During my tenure at NVidia I met a guy that was working on special versions of to the kernels that would make them deterministic.

Otherwise, parallel floating point computations like these are not going to be perfectly deterministic, due to a combination of two factors. First, the order of some operations will be random due to all sorts of environmental conditions such as temperature variations. Second, floating point operations like addition are not ~~commutative~~ associative (thanks!!), which surprises people unfamiliar with how they work.

That is before we even talk about the temperature setting on LLMs.

enriquto

> floating point operations like addition are not commutative

maybe you meant associative?
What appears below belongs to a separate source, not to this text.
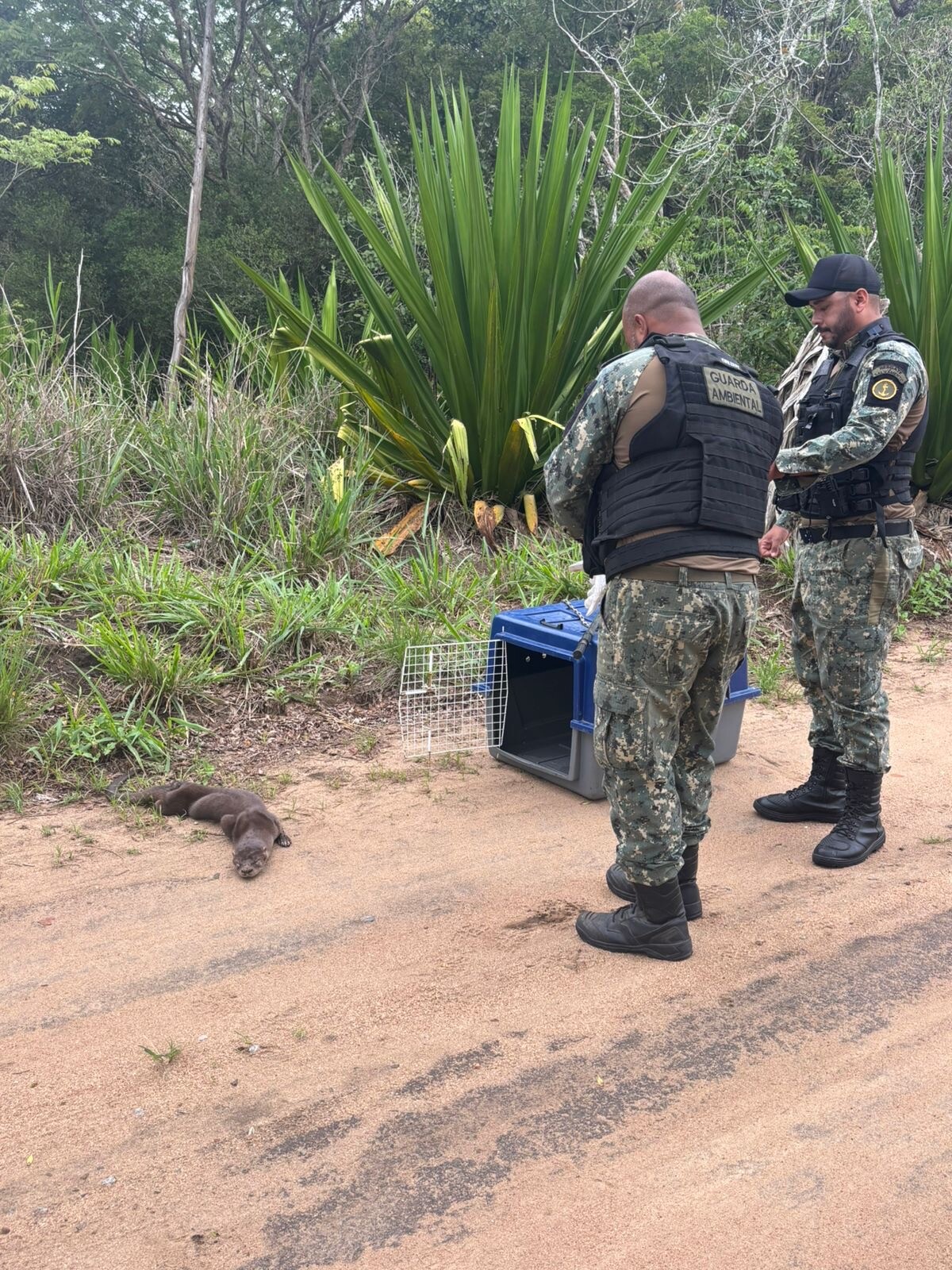 Pouco depois, a equipe foi acionada para uma ocorrência na Rua do Ipê-Amarelo, onde uma lontra foi encontrada gravemente ferida em via pública. Animal semiaquático que vive próximo a rios, lagoas e áreas costeiras, a lontra foi resgatada e levada ao Instituto BW para atendimento veterinário. A avaliação inicial aponta que o ferimento apresenta características compatíveis com disparo de arma de fogo.

Floating point addition is commutative: a+b is always equal to b+a for any values of a and b. It is not associative, though: a+(b+c) is in general different to (a+b)+c, think what happens if a is tiny and b,c are huge, for example.

david-gpu

Sorry, yes, I meant associative. Thanks for the important correction.

To think that I used to do this for a living...

simulator5g

How is that any different? 1+(2+3) = 6

(1+2)+3 = 6

0.000001+(200000+300000) = 500000.000001

(0.000001+200000)+300000 = 500000.000001

david-gpu

You need to take it a step further, since e.g. 64-bit floats have a ton of mantissa bits.
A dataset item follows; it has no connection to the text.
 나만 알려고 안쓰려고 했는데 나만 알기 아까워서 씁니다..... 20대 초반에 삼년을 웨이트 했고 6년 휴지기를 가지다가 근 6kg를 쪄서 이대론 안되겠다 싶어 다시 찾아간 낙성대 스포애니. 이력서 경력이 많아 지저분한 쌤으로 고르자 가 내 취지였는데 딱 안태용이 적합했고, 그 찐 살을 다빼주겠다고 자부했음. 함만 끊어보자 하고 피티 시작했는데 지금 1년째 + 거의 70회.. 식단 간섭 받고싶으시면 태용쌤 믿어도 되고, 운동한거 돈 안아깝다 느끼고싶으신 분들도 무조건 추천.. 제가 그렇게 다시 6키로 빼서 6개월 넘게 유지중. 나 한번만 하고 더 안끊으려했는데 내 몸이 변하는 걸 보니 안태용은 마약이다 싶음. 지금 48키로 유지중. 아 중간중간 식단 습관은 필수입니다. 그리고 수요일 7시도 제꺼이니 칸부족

Here's an example in python3.

    >>> "{:.2f}".format(1e16 + (1 + 1))
    '10000000000000002.00'
    >>> "{:.2f}".format((1e16 + 1) + 1)
    '10000000000000000.00'

enriquto

take b and c with opposite signs

jansan

What I find more important is the ability to get reproducible results for testing.

I do not know about other LLMs, but Cohere allows setting a seed value. When setting the same seed value it will always give you the same result for a specific prompt (of course unless the LLM gets an update).
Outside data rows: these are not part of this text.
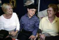 Arthur Batchelor, de 20 años de edad, el más joven de los 15 militares liberados por las autoridades iraníes, bromea rodeado por parientes frente a los medios de comunicación después de una rueda de prensa en los cuarteles de los marinos reales en Chivenor, Devon, sudoeste de Inglaterra.
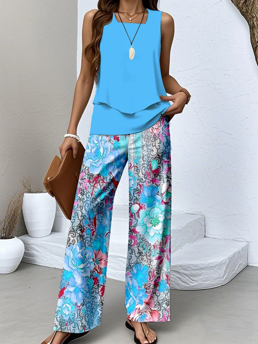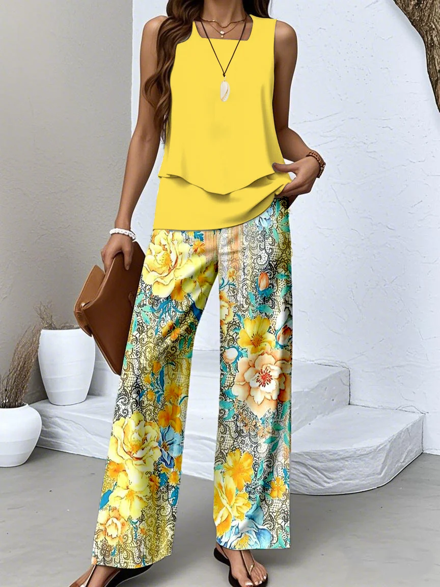 Floral Casual Two-Piece Set With No
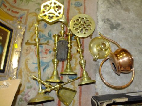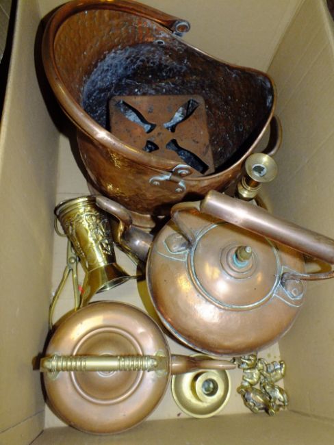 A COPPER AND BRASS TO INCLUDE KETTLES, COAL SCUTTLE ETC.
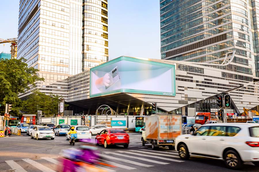 在這條(tiáo)“矽穀(gǔ)大道”的裙樓之上,新落成了一塊由上(shàng)海色多多AV导航承(chéng)建的606㎡戶外裸眼3D大屏。這片覆蓋上市公司多達110餘家、總市值為4.25萬億元(yuán)、占(zhàn)南山區上市公(gōng)司總(zǒng)市值70.83%的科技園區,又(yòu)新添了一處“流量密碼”。
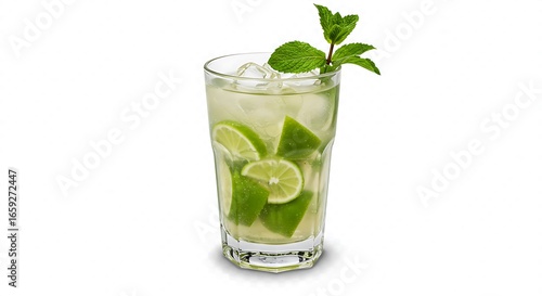 Refreshing Mojito Cocktail with Lime Slices, Ice, and Mint Garnish

OTOH I would guess that they normally simply generate a random seed value on the server side when processing a prompt, and it depends on their random number generator how random that really is.

ekianjo

That's expected behavior when you run LLM locally with a fixed seed and temperature at zero

bestest

I would suggest them to repeat the experiment while including sets from answers to "choose heads or tails" AND "choose tails or heads", ditto for numbers or rephrase the question to not include a "choice" (choose from 0 to 9 (btw, they're asking to choose from 0 to 10 inclusive, which is inherently wrong as the even subset is bigger in this case)), but rather "choose a random integer".

GuB-42

Is the LLM reset between each event?

If LLMs are anything like people, I would expect a different result depending on that. The idea that random events are independent is very unintuitive to us, resulting in what we call the Gambler's Fallacy. LLMs attempts at randomness are very likely to be just as biased, if not more.

maaaaattttt

I think randomness needs to be better defined. In the article it seems to be that randomness should be an evenly distributed type of event occurences. I agree that it is very unintuitive for us as, I believe, we assume randomness to be any sequence of event that doesn't follow any known/recognizable pattern. Show a section of the Fibonacci to a 10 yo kid and they will most likely find the sequence of numbers to be random (maybe they will note that it is always increasing, but that's it). Even in this article the fact that o1 always throws "heads" could indicate that it "knows" what randomness is, and is then just being random by throwing only heads.

I personnaly would define ideal randomness as a behavior that is fundamentally uncomputable and/or cannot be expressed as a mathematical function. If this definition holds than the question cannot apply to LLMs as they are a just (big) mathematical function.

mrdw

They should measure for different temperatures, where at 0 it will be the same output every time, but it's interesting to see how results will change for different temperatures from 0.01 to 2. But, I'm not sure if temperature is implemented the same way in all llms

baalimago

I'd be interested to see the bias in random character generation. It's something which would be closer to the domains of LLMs, seeing that they're 'next word generators' (based on probability).

How cryptographically secure would an LLM rng seed generator be?